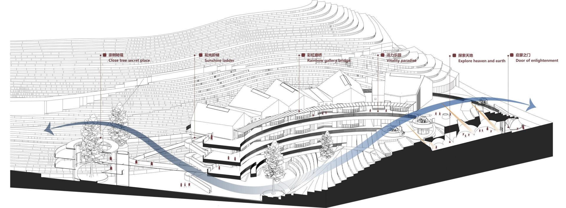 The entrance hall is set under the hillock. Its interior design draws on the form of mountains and also incorporates skylights, which echoes the cave in the local Danxia Mountain, providing kids with an interesting space for exploration.
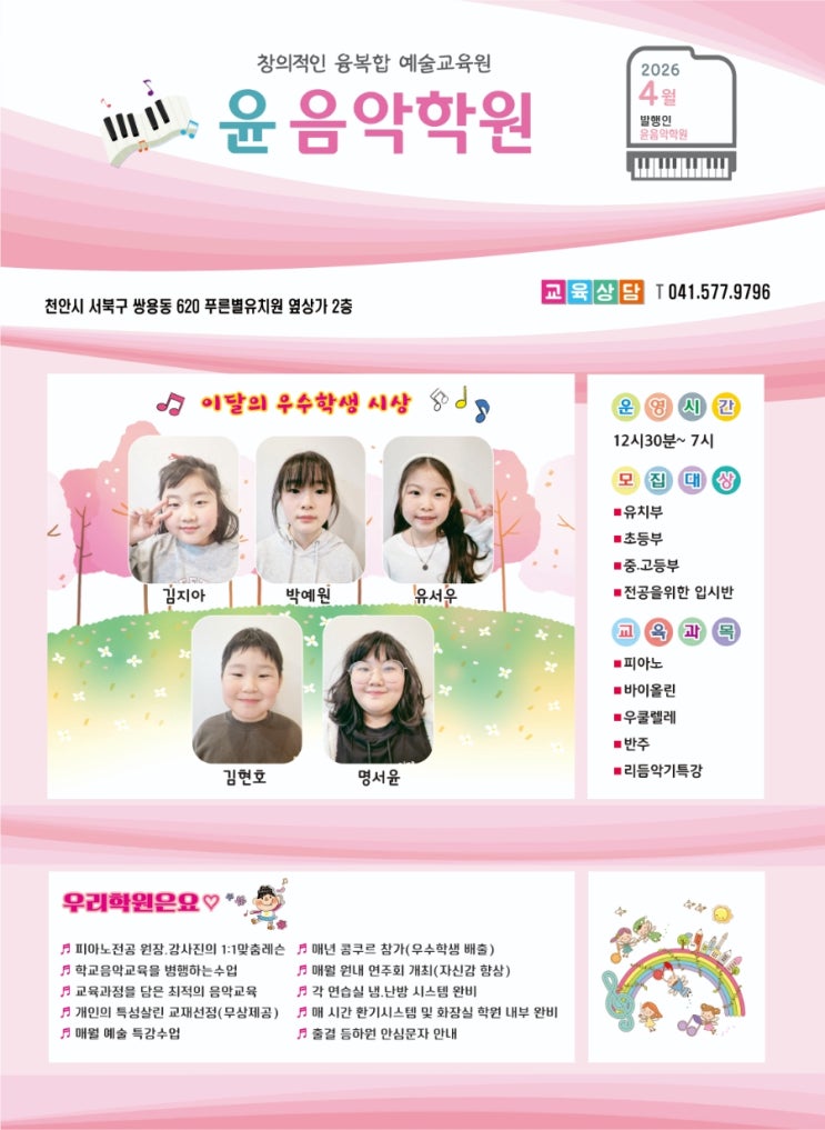 #윤음악학원#쌍용동 음악#쌍용동 음악학원#천안 음악학원#쌍용초등학교#쌍용초 피아노#쌍용초 음악#쌍용초 피아노학원#쌍용동 윤음악학원#천안 피아노#천안 콩쿠르#쌍용병설 유치원#푸른별 유치원#쌍용동 능수어린이집#천안 학원#쌍용동 학원#천안 음악전문학원#쌍용동 한라동백아파트#쌍용동 일성능수 아파트#쌍용동 모란아파트#윤음악#쌍용동 피아노#쌍용동 피아노학원#쌍용초 피아노학원#미라초 음악학원#쌍정초 음악학원#수곡초 음악학원#쌍용초 유치원음악학원#쌍용동 초등음악#쌍용동 입시음악 안녕하세요 ^-^ 윤음악학원 4월 우수학생 시상식을 하였습니다.♪ 유서우(쌍용초) 김지아(쌍용초) 박예원(쌍용초) 김현호(월봉초) 명서윤(쌍용초....... <img src="https://blogthumb.pstatic.net/MjAyNjA0MTRfMjkw/MDAxNzc2MTQyMzcwMDQ4.zloKqT5ccRegBexoa2PGWNzoWM8L5BpSE17-2zUiXDog.Pdh2RzsjVJ8fHgad1a_CEI0Ps-oGdLip9VIaWNx5Hfcg.JPEG/900_1776142221425.jpg?type=s3" />
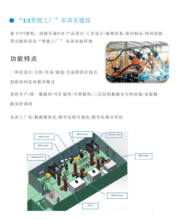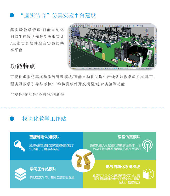 針對智能制造教育,為高等院校/中職院校全力打造智能制造創(chuàng)新教學(xué)體系建設(shè)(專業(yè)建設(shè)/師資培養(yǎng)/教學(xué)管理服務(wù)/資格證書認(rèn)定/協(xié)同創(chuàng)新教學(xué)環(huán)境搭建);提供“1:1智能工廠”實驗室/“虛實結(jié)合”仿真實驗平臺/數(shù)字資源及現(xiàn)代應(yīng)用技術(shù)實驗室建設(shè),實現(xiàn)從虛擬到現(xiàn)實的智能制造實訓(xùn)教學(xué)平臺。
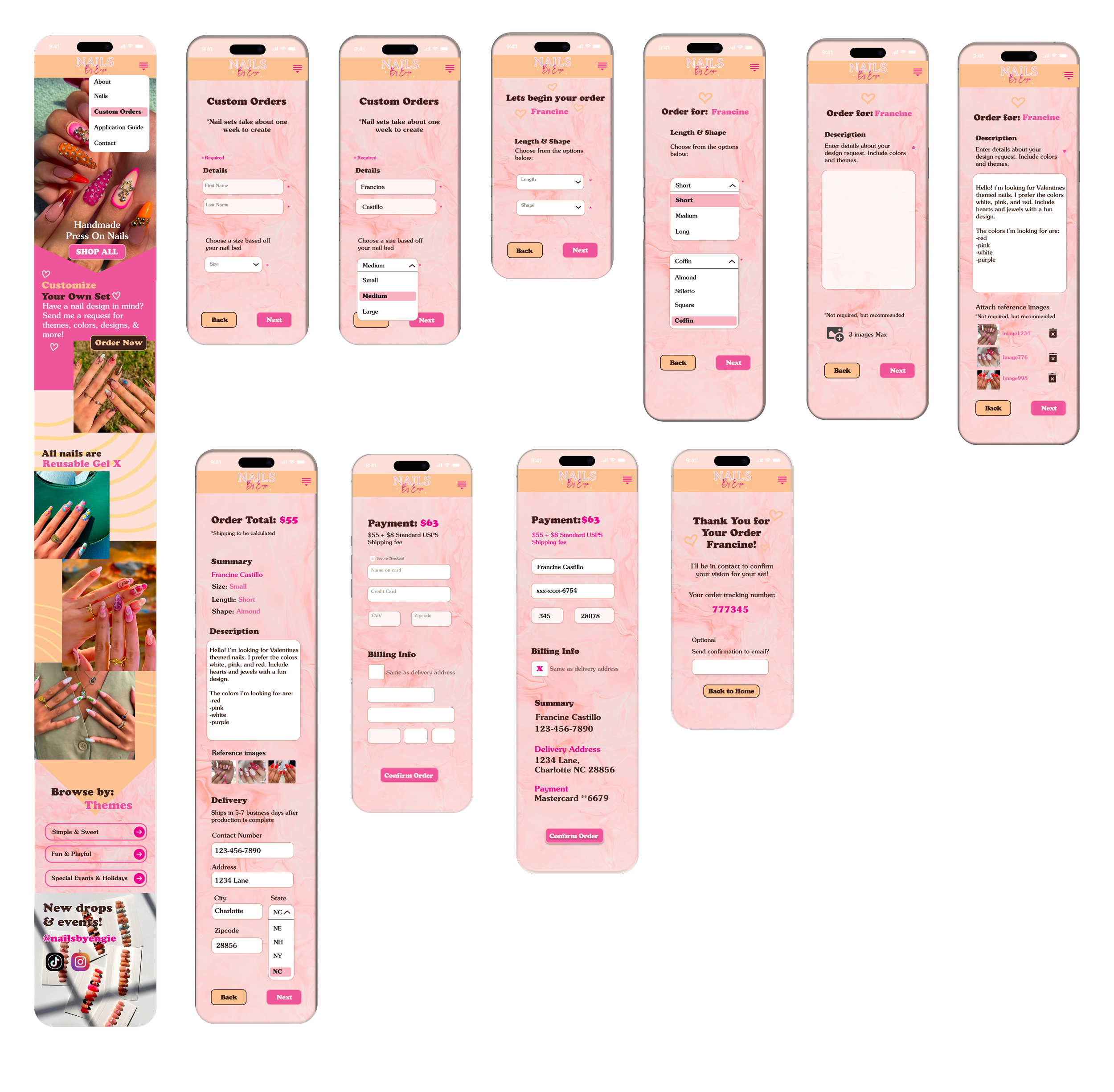 Combining the low-fidelity flows and branding, the final wireframes came together. During this process, more flows were developed as I thought about what the user would look for when trying to gain trust with a new nail service.

★ ★ ★ ★ ★ ★ ★

» WORK ORDER
Everything in the material except the pictures should be output verbatim.

» WRITTEN SOLUTION
 The entrance hall is set under the hillock. Its interior design draws on the form of mountains and also incorporates skylights, which echoes the cave in the local Danxia Mountain, providing kids with an interesting space for exploration.
 #윤음악학원#쌍용동 음악#쌍용동 음악학원#천안 음악학원#쌍용초등학교#쌍용초 피아노#쌍용초 음악#쌍용초 피아노학원#쌍용동 윤음악학원#천안 피아노#천안 콩쿠르#쌍용병설 유치원#푸른별 유치원#쌍용동 능수어린이집#천안 학원#쌍용동 학원#천안 음악전문학원#쌍용동 한라동백아파트#쌍용동 일성능수 아파트#쌍용동 모란아파트#윤음악#쌍용동 피아노#쌍용동 피아노학원#쌍용초 피아노학원#미라초 음악학원#쌍정초 음악학원#수곡초 음악학원#쌍용초 유치원음악학원#쌍용동 초등음악#쌍용동 입시음악 안녕하세요 ^-^ 윤음악학원 4월 우수학생 시상식을 하였습니다.♪ 유서우(쌍용초) 김지아(쌍용초) 박예원(쌍용초) 김현호(월봉초) 명서윤(쌍용초....... <img src="https://blogthumb.pstatic.net/MjAyNjA0MTRfMjkw/MDAxNzc2MTQyMzcwMDQ4.zloKqT5ccRegBexoa2PGWNzoWM8L5BpSE17-2zUiXDog.Pdh2RzsjVJ8fHgad1a_CEI0Ps-oGdLip9VIaWNx5Hfcg.JPEG/900_1776142221425.jpg?type=s3" />
 針對智能制造教育,為高等院校/中職院校全力打造智能制造創(chuàng)新教學(xué)體系建設(shè)(專業(yè)建設(shè)/師資培養(yǎng)/教學(xué)管理服務(wù)/資格證書認(rèn)定/協(xié)同創(chuàng)新教學(xué)環(huán)境搭建);提供“1:1智能工廠”實驗室/“虛實結(jié)合”仿真實驗平臺/數(shù)字資源及現(xiàn)代應(yīng)用技術(shù)實驗室建設(shè),實現(xiàn)從虛擬到現(xiàn)實的智能制造實訓(xùn)教學(xué)平臺。
 Combining the low-fidelity flows and branding, the final wireframes came together. During this process, more flows were developed as I thought about what the user would look for when trying to gain trust with a new nail service.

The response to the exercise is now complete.